The onslaught of noise was deafening as workers cut through an entire square of concrete then lowered themselves into the cavernous maze of underground pipes to search for the blockage. It took them two days to find the troubled spot, which had already plagued my parents for a week: no showers, no laundry, minimal dishwashing, and a directive to flush the toilet only when absolutely necessary. And after all that noise and digging, the blockage turned out to be not in the area where they’d dug at all. They found the problem in the sad little brick-enclosed square of dirt my parents call the “front yard”–under a rosebush that had already been reduced to small rootball and a few aspiring fronds.

The next day, when my father was officially referred to hospice and people rained all that “death is a passage” stuff on us, I thought about that sewer pipe–also a passage. And I also thought about the Dylan Thomas villanelle and its repeating haunting lines: Do not go gentle into that good night … Rage, rage against the dying of the light.

It isn’t that I want my father to fight against the reality of his dying. I feel grateful that he is not–and has never been–an angry or vengeful person. Even in his compromised state, while depressed about what is happening, he continues to exude kindness and express love and gratitude to those around him.

But I feel like raging. Not at the inevitability of my father’s death, but at the sadness of seeing him so frail and unable to do things for himself–the “dying” of my image of my 90+ year-old parents as timeless icons of longevity.

And I feel myself raging against the barely flickering “light” of my country. Yet this rage feels like a fruitless kick-the-floor-and-flail-my-arms temper tantrum. Pundits tell us to keep breathing and find joy. The sun is brilliant on the half-inch of freshly fallen snow today. But where is the balance between digging and doing what we can and totally abandoning ship, closing our doors and taking out whatever might constitute our modern-day “opium pipe” to lose ourselves in a stupor of disempowerment and apathy.

I’m forever grateful to Bishop Marianne Edgar Budde, who was able to channel her rage into a calm and quiet plea for mercy, focusing the whole time she spoke, toward whatever light might be left that’s still shining on who we could be–individually and collectively. And I’m wondering if that’s the kind of light that flashes before our eyes as we near the end of our lives in addition to reliving all of our life’s significant moments. I’m wondering what my father, an Emmy Award-winning journalist, is thinking as he sits hooked up to his oxygen machine with the New York Times spread on his lap, trying to stay awake long enough to get through more than a paragraph and make sense of all that’s happening around him.

Rage, rage, against the dying of the light.

While we all have to accept death, as hard as it is, we mustn’t go gentle into this dark time, or accept the numerous attacks on our Constitution as the legitimate prerogative of a new leader.

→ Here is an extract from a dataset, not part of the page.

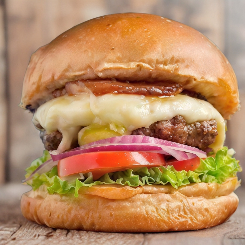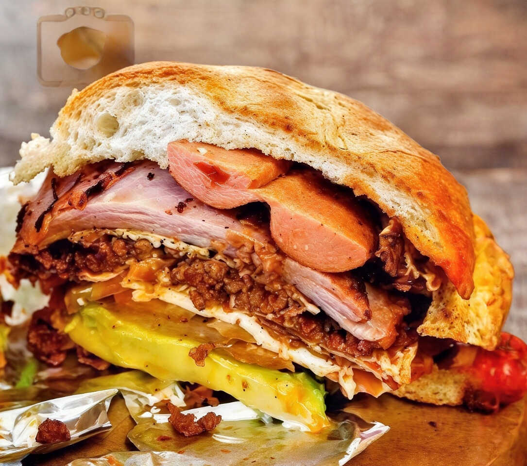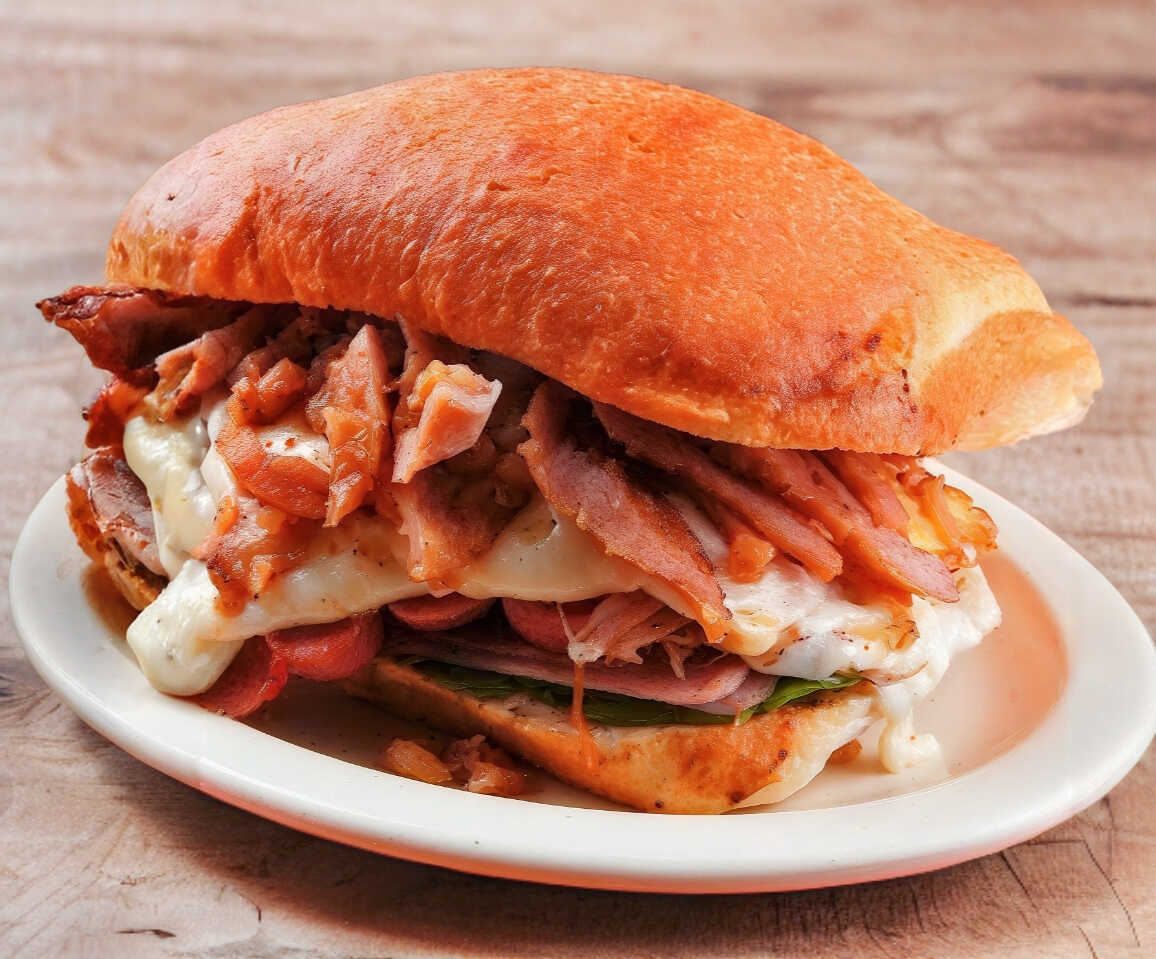 Carne de res 100 g, jamón, tocino, queso manchego, jitomate, cebolla y lechuga.

I feel grateful for the many in our community who are joining together and channeling their quiet rage into action. Death may be a lonely endeavor, but raging can be a community enterprise. I’m grateful to the many who are standing up to support immigrants, transgender people, the environment, and the many other important issues that are under attack.

In fact, what keeps me finding joy is knowing I have community–both to support me during this difficult personal time and to work together on keeping the light shining.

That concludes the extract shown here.